Avec sa vente des célèbres bougies, Amnesty est entrée de plain-pied dans l’ère du merchandising humanitaire. Bougies mais aussi crayons, livres, t-shirts, disques de musiques traditionnelles. Même si un comité d’éthique statue sur le type et la provenance de l’objet, on peut se demander si ces ventes n’occultent pas le message premier d’Amnesty. « On évite de tomber dans ce piège en informant l’acheteur sur la portée de son geste.
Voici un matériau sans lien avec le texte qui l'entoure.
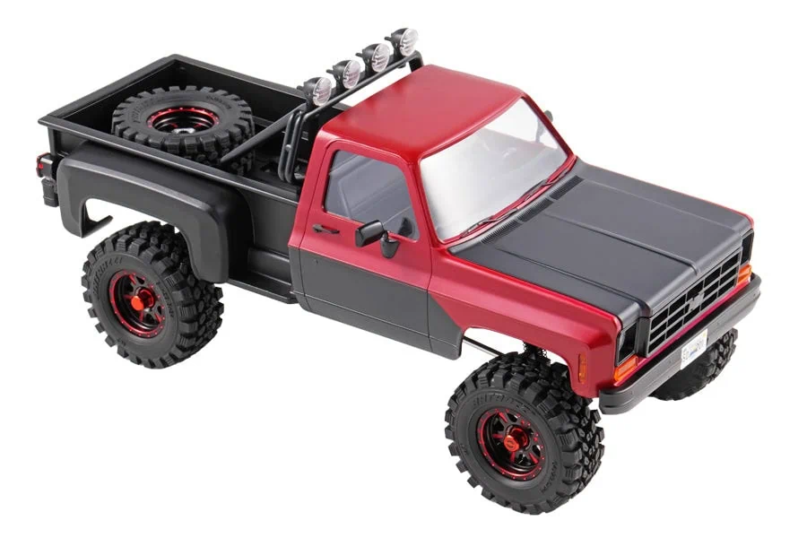 New from Fair RC is their FCX18 K10 Stepside Mod RTR, a unique take on the FMS FCX18 Chevy K10 pickup truck. Featuring a stepside-style rear bed, new tires, wheels, and a unique red and black paint job, this modified R/C truck puts a fresh spin on a rig that's seen plenty of trail time.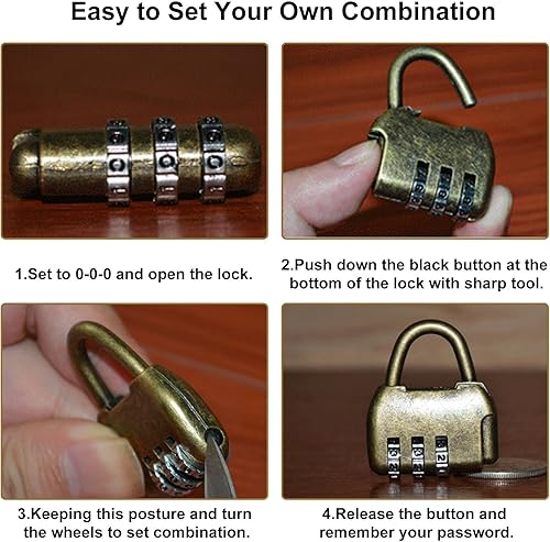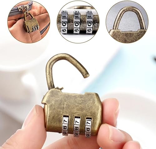 Csirnto 4 Stück Zahlenschloss Außenbereich Zahlenschloss Vorhängeschloss Retro Mini Antik Stil Zahlenschloss Vorhängeschloss aus Metall Stelliges Kombinationsschloss Vintage Vorhängeschloss

En achetant une bougie, vous donnez de l’argent pour des actions concrètes : mener des investigations dans le monde entier, intervenir auprès des responsables de violations, venir en aide aux victimes, publier des rapports. Avec leur bougie, les gens reçoivent depuis peu le magazine News qui les informe de nos actions. Notre souci de communication paie : un sondage a montré que 98 % du public avait de nous une opinion favorable ». Seul bémol : un quart des mêmes sondés ne savait pas exactement quels étaient les buts d’Amnesty. Un problème d’image que les moyens de communication n’ont pas encore résolu… à moins qu’ils en soient la cause. Si ces techniques modernes ont été adoptées par Amnesty International dans un souci d’efficacité, l’ONG cherche à éviter les dérives du marketing. « Le maître mot reste en effet la transparence : les comptes, les stratégies d’actions, tout est ouvert au public ».

par S. Gallup

[1Antipodes n° 152, mars 2001 : « Amnesty, ou comment passer de huit mille à vingt mille associés », Samy Hosni.